LOS ANGELES (Reuters) – “The Hunger Games” star Jennifer Lawrence will not be dieting for a role any time soon.


Lawrence, 22, who plays the famished Katniss Everdeen in the life-or-death thriller series, told Elle magazine in an interview to be published on November 13 that dropping a few pounds will not be part of her script.













“I’m never going to starve myself for a part,” Lawrence said, a view out of step with many in diet-obsessed Hollywood.


Lawrence’s figure in “The Hunger Games” raised eyebrows of some critics, who believed the actress looked a little too healthy for a character struggling to eat.


“I don’t want little girls to be like, ‘Oh, I want to look like Katniss, so I’m going to skip dinner,” Lawrence said. “That’s something I was really conscious of during training…I was trying to get my body to look fit and strong – not thin and underfed.”
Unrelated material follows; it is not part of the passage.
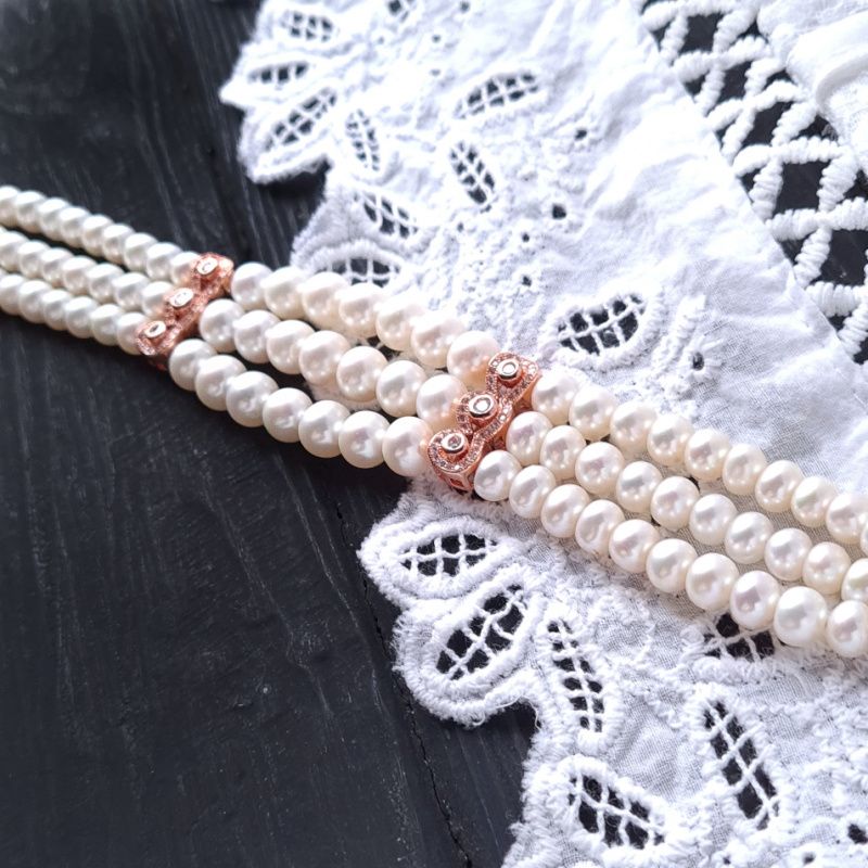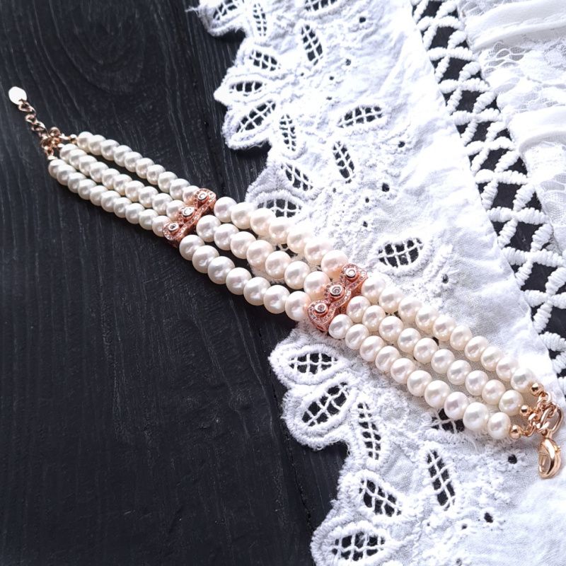 Трехрядный браслет из натурального жемчуга и кристаллов

Suffering for a role by rapidly losing or gaining weight is part of Hollywood lore.


Natalie Portman was applauded for dropping some 20 pounds for her Oscar-winning role as a ballerina in 2010′s “Black Swan”. Likewise Robert De Niro nabbed an Oscar after packing on 60 extra pounds in 1980 boxing film “Raging Bull”.


Lawrence’s figure did not hurt the first installment of the “The Hunger Games” series, which was released in March and has grossed some $ 670 million worldwide. The actress has signed on for three sequels.


(Reporting By Jill Serjeant; Editing by David Gregorio)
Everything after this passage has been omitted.